Mark Whitlock – Boardroom RevOps
James Geyer: [00:00:00] Hello everybody. We are back with another episode of Aim for Excellence, where we break down strategic, operational and career related best practices with RevOps leaders we admire. Again, I’m James co-founder of AccountAim. I’m super excited to be joined by Mark Whitlock. Today on this podcast, we’ve spent most of our time chatting with RevOps folks in the tech industry about Marks coming from Creeden, which is not quite in the tech industry.
Mark, thanks for being here.
Mark Whitlock: Yeah, thank you very much. I’m very excited and, hope to give you a different perspective of RevOps and how it can be applied in a lot of different ways.
James Geyer: That’s great. I’m looking forward to it. Before we dive in too deep, you wanna just share a little bit more about your background, how you got to Creed and your time at Creeden?
Mark Whitlock: Yeah. It’s kind interesting and I think it, it adds to why. My spin on RevOps is it exists. Started with Ace Hardware. I worked at Ace Hardware Corporate for 18 years here in Chicago. Ran multiple areas in their company, different roles, so inventory, private label, supply chain, implemented, SAP. And so I really came from a technical and a, business background, and then I went to work at another company here.[00:01:00]

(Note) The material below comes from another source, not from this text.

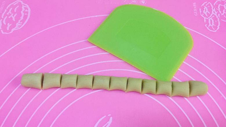 9. 取一半的红薯面团,搓成长条,用刮板切成大小适中的段。

In Wisconsin, Uline, which is a, it’s a national company, but B2B company implemented a PIM system there, then came here to work at Creeden and my role at Creedens really been about driving operational improvement. It and a lot of that’s been through like very specific things like technology or process improvement, fixing issues, but it was a very singular approach to it,
add a new system, sit with a team, fix a prob, fix their isolated issue. And, it was very prescribed. And where I think like the benefit of RevOps came is it basically buttons everything together in a nice package.
James Geyer: Yeah. That’s great. And Creeden, can you explain a little bit more about the business model?
I think it’d be helpful context, very different than classic B2B SaaS.
Mark Whitlock: Yeah, so for sure we’re literally, a brick and mortar sales organization, right? So we. We have a national sales force. We excel at that aspect of our business. There’s other reps in, that handle hardware channels, but we’re the only ones that really have true salespeople [00:02:00] in brick and mortar stores, about a hundred stores a day selling our manufacturer’s product.
And that’s really significant in this business because we’re a two step. Model where individual store owners, your mom and pop ace hardware those store owners can make business decisions. So ACE doesn’t have forced distribution like a Lowe’s or Depot. So the model works completely different where we can influence at a store level to affect the corporate level.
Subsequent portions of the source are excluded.